Eric Schmitt, Executive Vice President, Communications, TV and Media. Allant: Allant’s clients include the largest TV distributors, network programmers, broadcasters, agencies and advertisers.  The Audience Interconnect® will facilitate hundreds of campaigns totaling more than $200 million in 2015 TV media spend, and we expect robust growth in 2016.  The agencies and F1000 advertisers we support including leading brands in automotive, consumer packaged goods, financial services, telecom and the political category.   Comcast and Charter have been longtime anchor clients, and we support household addressable campaigns at other leading distributors including Dish and other MVPDs.  We have experience with a wide variety of set top box and viewership data, and designed and built the industry’s largest set top box data repository. 


Cathy Hetzel, Rentrak Corporate President: Our national linear television system has 110 national U.S. network clients including CBS, Fox, CW, A&E, Scripps, and Discovery. Rentrak’s clients also include over 160 agencies including each of the five major U.S. agency holding companies, including WPP, Publicis, Omnicom/MediaGroup, IPG, and Dentsu Aegis Network, as well as numerous advertisers. We are the established leader in the ad verticals of automobiles, political, and consumer packaged goods. On the Local side, Rentrak has clients from the biggest TV station groups – CBS, Fox, Tribune, Sinclair, Nexstar Broadcasting Group, Raycom Media, Bonten Media Group, and many others.

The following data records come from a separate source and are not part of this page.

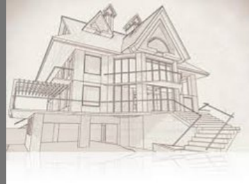
Architectural Design .
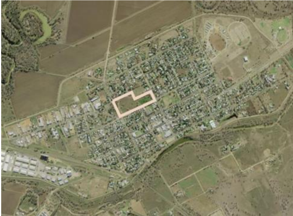
Figure 2: Location for the new High School Site in the Wee Waa Town Centre
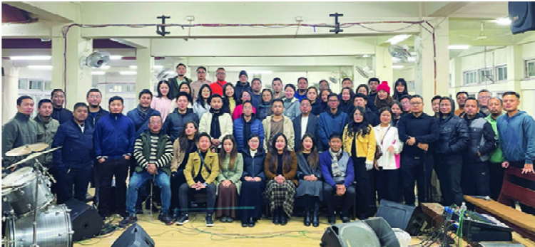
General Conference inbuatsaihna Jubilee Concert hla zir
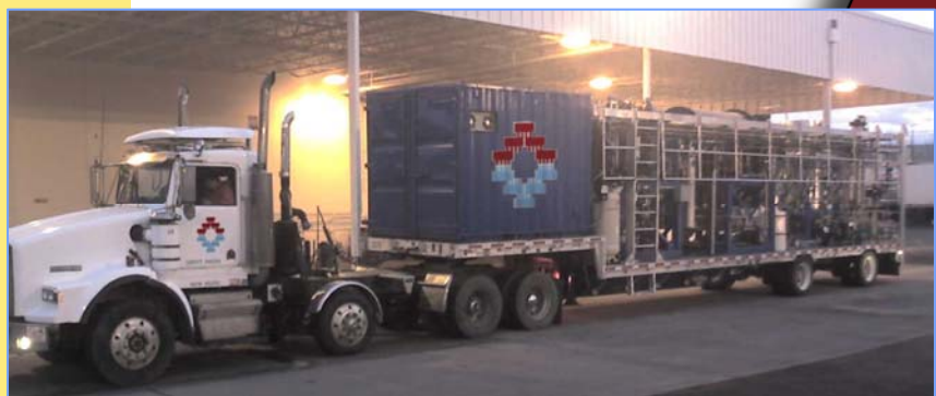
Mobile unit at Fort Riley Kansas
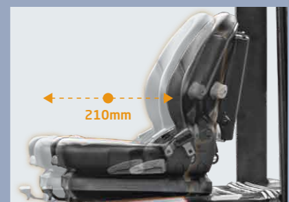
The seat can be adjusted back and forth by 210mm. The operator can choose the best driving position
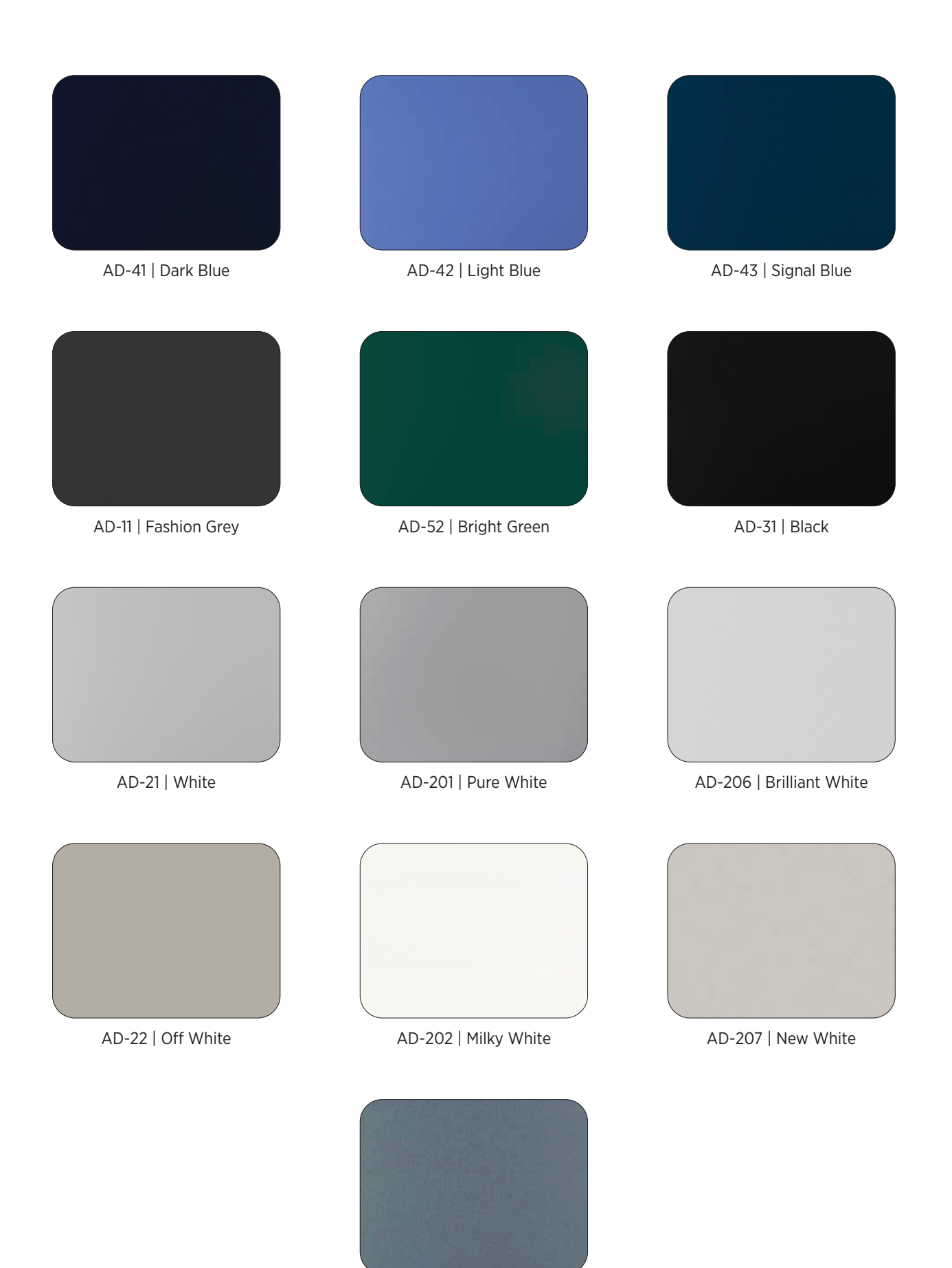
AD-08 | Metallic Blue
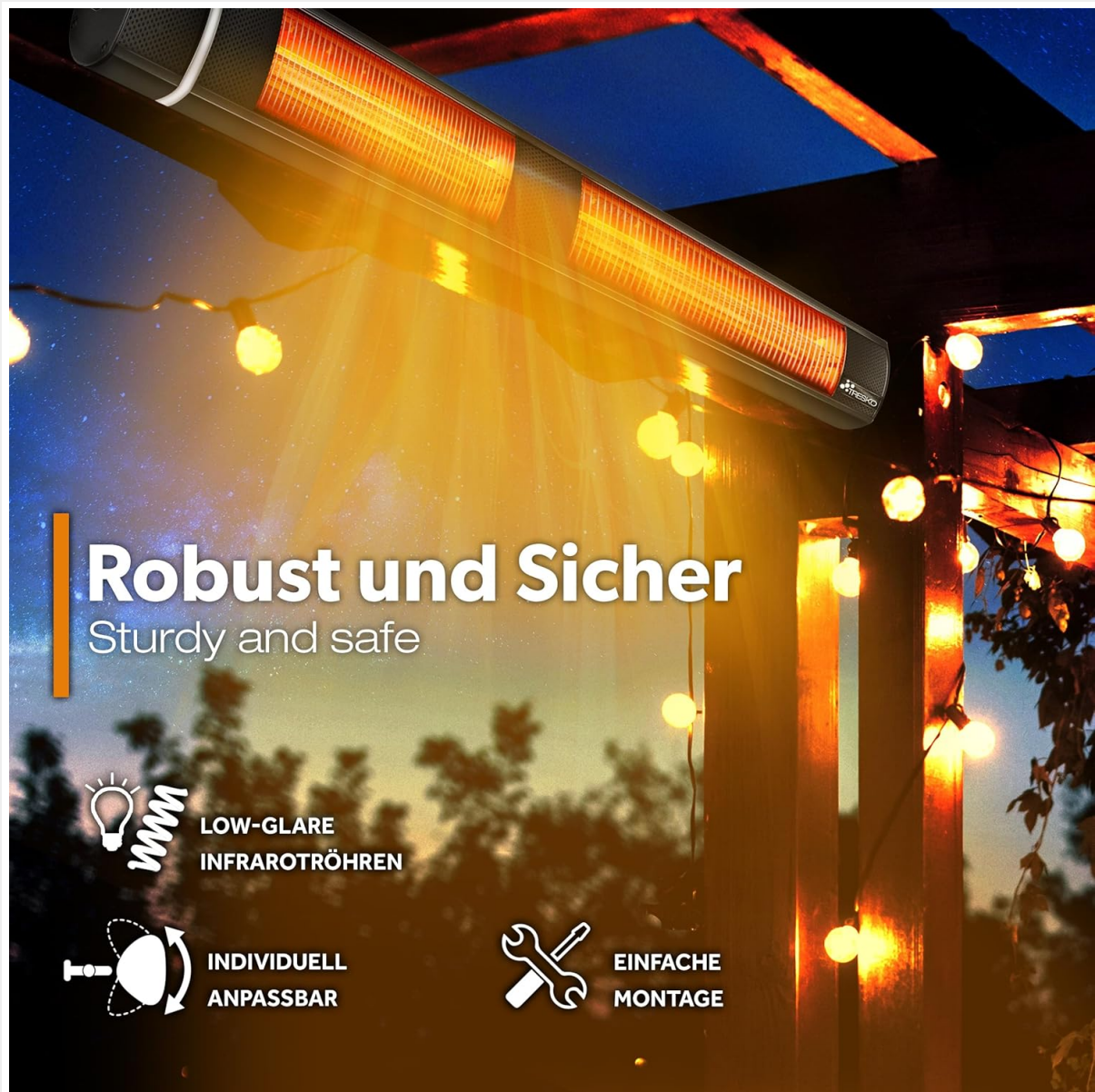
Image 4.2: The heater's robust and safe construction, featuring low-glare infrared tubes, individual adjustability, and ease of installation.
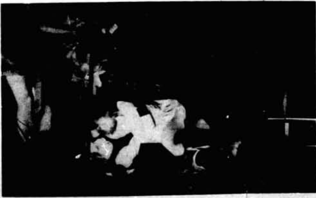
Streakers - eat your hearts out!
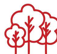
High environmental impact
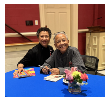
River Road Church "Distinguished Speaker Forum" (2023)
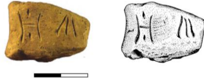
Figure 5. Cypro-Minoan label found at Ugarit (RS 94.2328), ##210. Photograph adapted from Ferrara 2012.
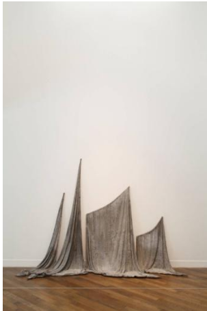
Thiago Rocha Pitta Monument to the Continental Drift 2012 cloth, cement , etc 260 x 58 x 177 cm
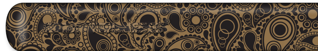
GOLD PAISLEY - SUK 1022
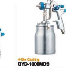
◆Die Casting GYD-1000MDS
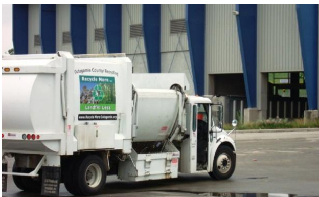
Single-Stream Recycling Truck

Periodic Program Changes: Program changes require effective education and community relations. An excellent example is Outagamie County's present goal, using Lean Improvement, to convert more communities from manual curbside recycling collection to automated collection using wheeled carts. This conversion, through community outreach, will encourage increased recycling, decreased landfilling, and strengthened sustainability.
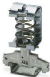
Shield connection terminal block, for applying the shield to busbars

Please be informed that the data shown in this PDF Document is generated from our Online Catalog. Please find the complete data in the user's documentation. Our General Terms of Use for Downloads are valid ( http://phoenixcontact.com/download )
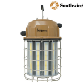
High Bay 150 W LED Temporary Area Lights #08-00405
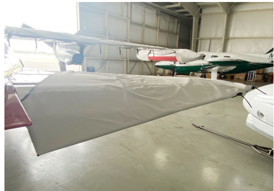
MU-2 Horizontal Stabilizer Covers
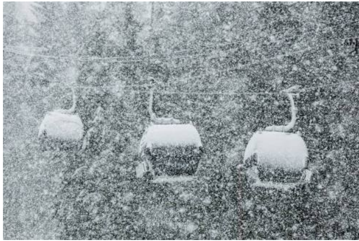
Masses of snow in Whistler this week – 21 December 2018 – Photo: facebook.com/WhistlerBlackcomb

Further east, snow conditions in the Banff/Lake Louise area (89/120cm) are also very good right now, with around 40cm of new snow in the last week, 10cm of which has fallen in the last 24 hours.
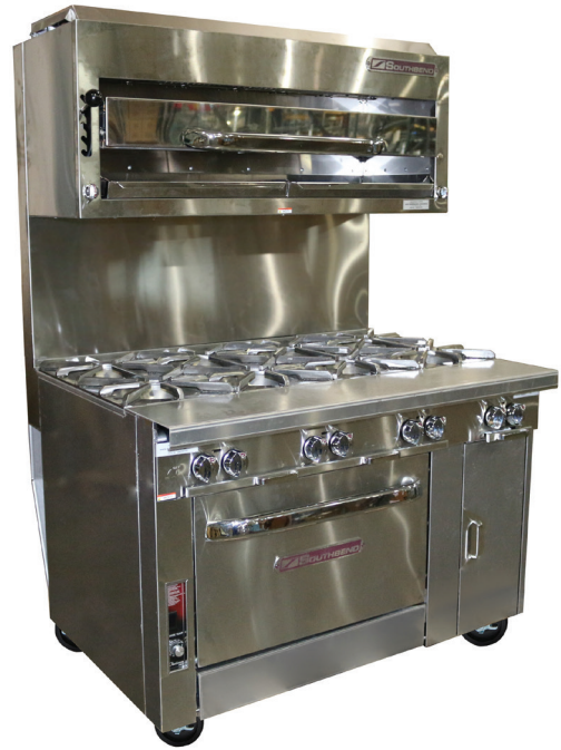
Model P48A-BBBB shown with optional 48" Salamander and casters
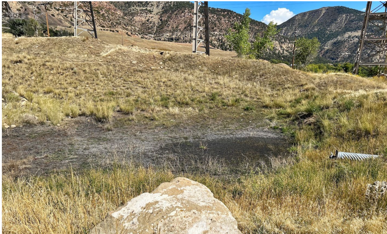
Figure 4: Sediment pond

Number of Partial Inspection this Fiscal Year: 2
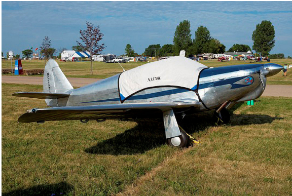
Globe Swift Canopy Cover

This cover type is made from Silver Acrylic Sunbrella canvas and is 100% lined with a soft and smooth microfiber. Bruce's Custom Covers developed this material combination especially for aircraft protection. The outer material is medium weight and treated for water resistance, UV resistance and anti-static buildup. The inner lining is a very soft and smooth microfiber to prevent scratching. The material is very reflective, and tests show that the cabin interior temperature can be reduced to near-ambient temperature on the hottest of days. It is water, ice and snow repellent, yet breathable to allow moisture to escape from between the cover and the aircraft surface.
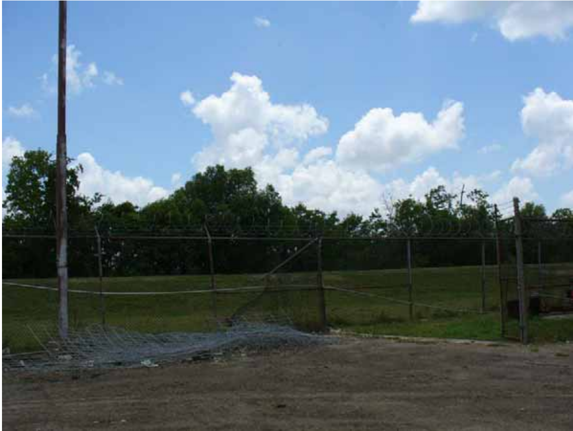
11. View of south area adjacent to the site.
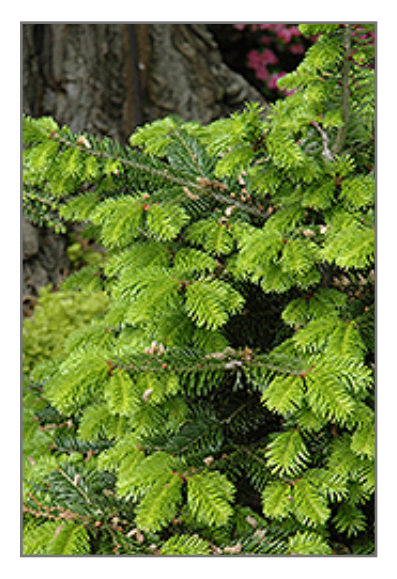
Nordmann Fir foliage
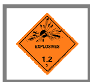
1.2 – MLSS 2A
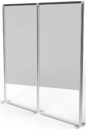
Whether you choose fabric, acrylic or a combination of substrates, the range of freestanding walling is certain to deliver the look you desire.
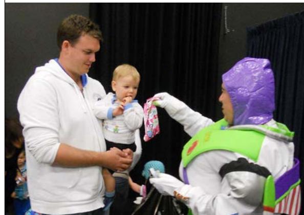
New Year’s Eve fun
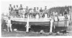
The boat, "St. Michael Alert Bay School" (13a-c004554-d0079-001)
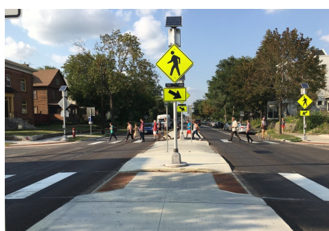
KALA QEYBI DADKA LUGTA AH
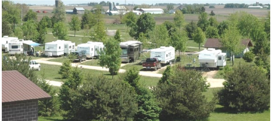
Wilder Park. Notice how the trees have grown since the aerial picture, below, was taken.
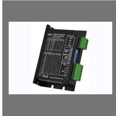
Stepper Drive 2M420
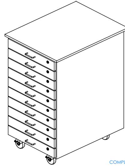
COMPLETE UNIT SHOWN

TAKE OUT THE FIRST COUPLE DRAWERS ON THE BOTTOM AND ATTACH THE CASTERS FROM INSIDE OF THE CABINET USING THE HARDWARE PROVIDED.
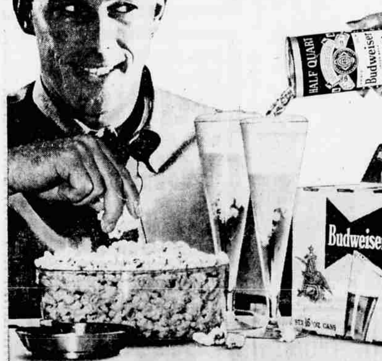
Where there's Life... there's Bud. BREWERS • ANHEUSER-BUSCH, INC. • ST. LOUIS • NEWARK • LOS ANGELES • MIAMI • TAMPA

BIG SIZE. Next time you buy Bud, try a 6-Pak of Half Quarts. Each one pours two glasses of Budweiser.
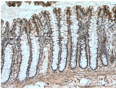
Immunohistochemical analysis of paraffin-embedded human colon tissue slide using 15134-1-AP (HRP 2 antibody at dilution of 1:200 (under 10x lens).
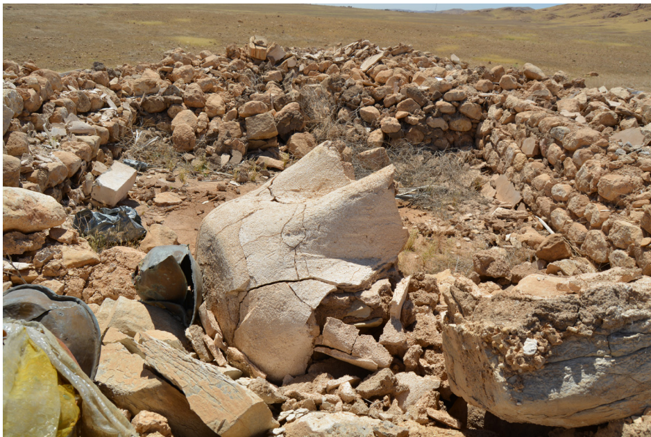
Figure 6b: The shrine of Sheikh Abdul Aziz post-destruction, June 2018

Overall, more than 465 local U.S. TV stations from 70 station groups in 160 markets. Rentrak’s Video on Demand service has more than 226 U.S. clients and is the industry’s currency in STB Video on Demand audience measurement with 100% market share. We receive On Demand viewing data from more than 55 of the top multichannel video programming distributors, including Comcast, Charter, Cox, Time Warner Cable, AT&T, and DIRECTV. We are also the recognized industry currency for addressable and interactive television.


Leslie Wood, Nielsen Catalina Solutions: We are currently focusing on two groups – direct to advertisers and digital providers, portals and publishers. They tend to be the people who pay for our data. We also sell to media companies and they use our data to create buys. An advertiser, if they buy their data, the agency automatically is included. 

Joan FitzGerald Senior Vice President, Television and Cross Media Service, comScore: comScore clients cross the spectrum of publishers, media brands, advertisers, advertising agencies as well as telecommunications and MVPDs and investment firms.  comScore clients include all major media brands – ESPN, Turner Broadcasting, A&E Networks, CBS, Fox, and NBC Universal to name a few – and all major advertising agency holding companies.  In addition, comScore advertiser clients cross the spectrum of verticals – CPG, financial services, retail, and more.